Illinois Carry supports a lawsuit now before the state Supreme Court that argues that the process is unconstitutional.
Rowe said that the FOID system is broken and obsolete.
“The law says that a FOID application will be processed within 30 days – background checks done and the FOID issued – so long as the person does not have any prohibiting factors in their background. Instead, it is taking about 140 days,” she said.
Rowe says people are surprised to learn that in Illinois, a person cannot go to a gun store, buy a gun and drive away with it on the same day.
To buy a firearm in Illinois, the first step is applying for and receiving a FOID card from ISP. Then purchasers need go to a gun shop and pick out a firearm. Before they can walk out of the store with the gun, however, there is a 72-hour waiting period whether they are buying a handgun, long gun or shotgun.
During that time, the sale is called in to the ISP for an Illinois background check, which is known as a Firearms Transfer Inquiry Program check or FTIP. The FTIP check must be completed before the ISP can issue the required verification number to the firearm dealer that will allow the gun sale to go forward.
“The FTIP is supposed to be done within three days, but we see that FTIP checks are taking three, four, five weeks because of a backlog with the Illinois State Police,” Rowe says.
Gun buyers should not count on taking their gun home within the three-day waiting period, she warns.
“It could be three days before you can take possession of the firearm or it can be three or four weeks. It is not a cut-and-dried amount of time,” Rowe says.
Rowe calls the entire firearm purchase process in Illinois “egregious.” She says Illinois is one of only three states in the country where you have to have an identification card to possess a firearm or ammunition.

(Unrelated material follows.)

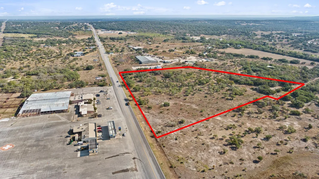 Research Parcel InformationHeading North through Round Mountain Texas, the property on the right across from convenient store.

“The FOID process is an old, outdated, obsolete system that needs to be done away with,” Rowe said. “We now have the National Instant Criminal Background Check (NICS) that ISP can use. Illinois should join the 21st Century with modern technology and NICS, that other states have been using for years.”
ISP officials have said they are working to improve the system and have also sought legislative changes. Illinois State Police Director Brendan Kelly previously said the agency needs authority from the Illinois state legislature to “untangle and integrate” Illinois’ gun owner licensing laws.